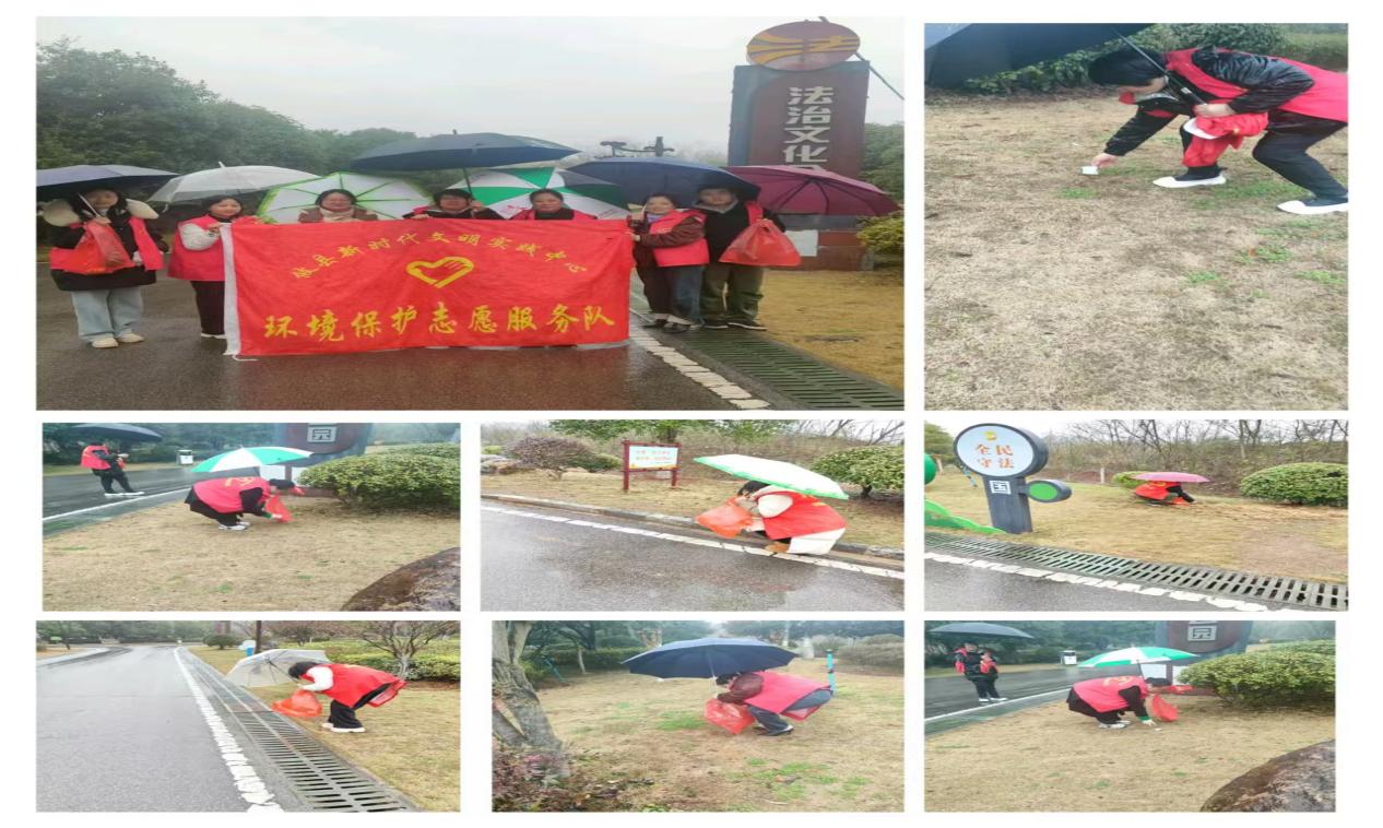 3月5日上午,天空下着瓢泼大雨,志愿者们撑着伞在攸洲公园二期进行"学雷锋"活动——捡拾白色垃圾,活动进行了3个小时,拾得白色垃圾一大袋。在活动期间遇见在此散步的人,志愿者们就上前宣传并告诫他们不要乱扔垃圾,保护大家的环境。
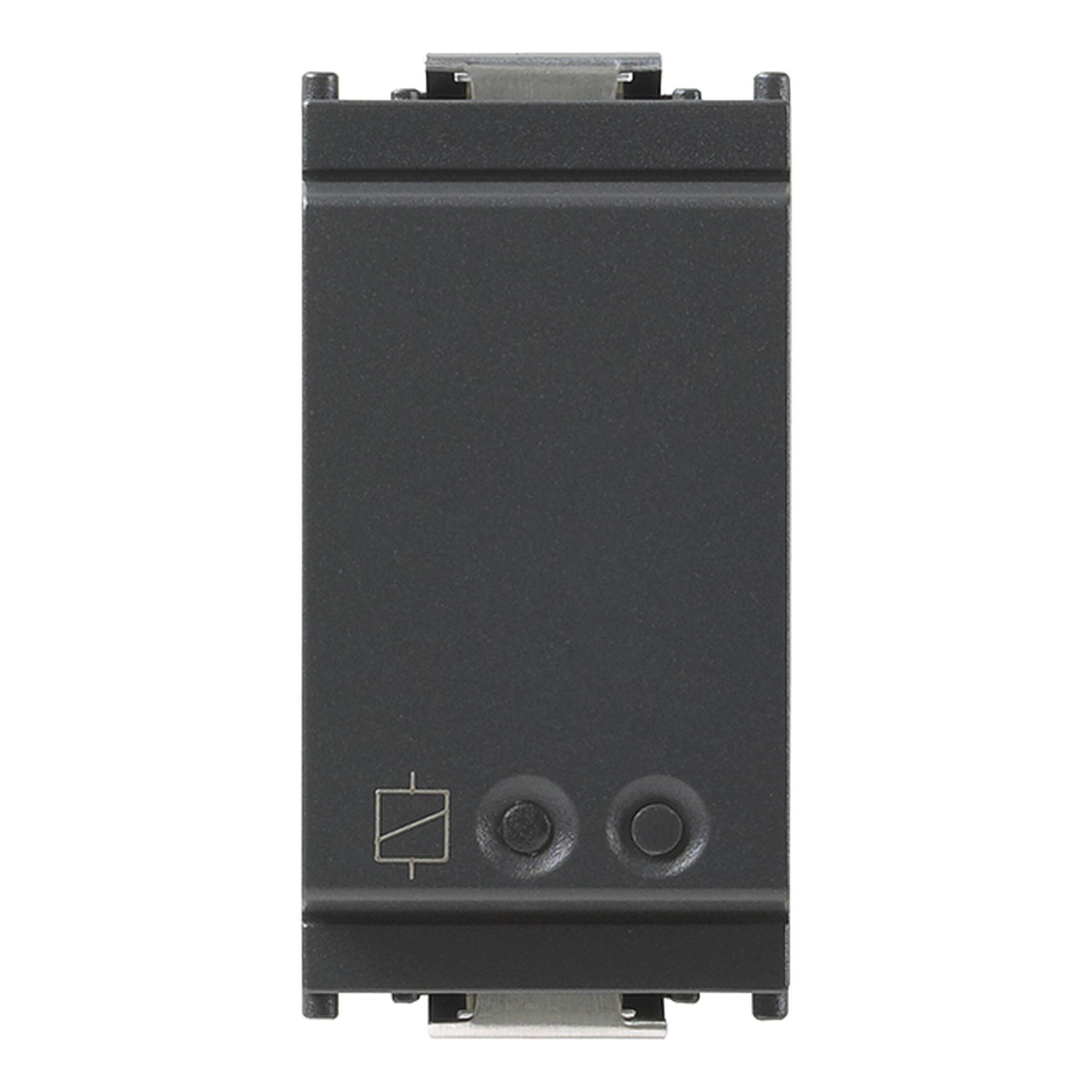 Apparecchio di comando elettronico VIEW Wireless con uscita a relè NO 16 A 100-240 V~ 50/60 Hz. Controllo locale con pulsante o da remoto, doppia tecnologia IoT su standard Bluetooth 5.0 per realizzazione sistema mesh VIEW Wireless e su standard Zigbee 3.0, funzione di misurazione della potenza istantanea e dell'energia consumata e soglia di stacco carico, individuazione al buio a LED RGB con regolazione di intensità, alimentazione 100-240 V 50/60 Hz. risparmio energetico
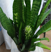 Сансевиерия цветет. Не всегда и не часто. Вам повезло. Не трогайте цветок (он липкий) и радуйтесь. Вечером он пахнет, как ночная фиалка. Уход за растением не меняйте. Подробнее .

**The problem:** Give back exactly the lines from the one containing "Apparecchio di comando" through the last line above, both included, and none of the pictures.

**Exercise response:**
 Apparecchio di comando elettronico VIEW Wireless con uscita a relè NO 16 A 100-240 V~ 50/60 Hz. Controllo locale con pulsante o da remoto, doppia tecnologia IoT su standard Bluetooth 5.0 per realizzazione sistema mesh VIEW Wireless e su standard Zigbee 3.0, funzione di misurazione della potenza istantanea e dell'energia consumata e soglia di stacco carico, individuazione al buio a LED RGB con regolazione di intensità, alimentazione 100-240 V 50/60 Hz. risparmio energetico
 Сансевиерия цветет. Не всегда и не часто. Вам повезло. Не трогайте цветок (он липкий) и радуйтесь. Вечером он пахнет, как ночная фиалка. Уход за растением не меняйте. Подробнее .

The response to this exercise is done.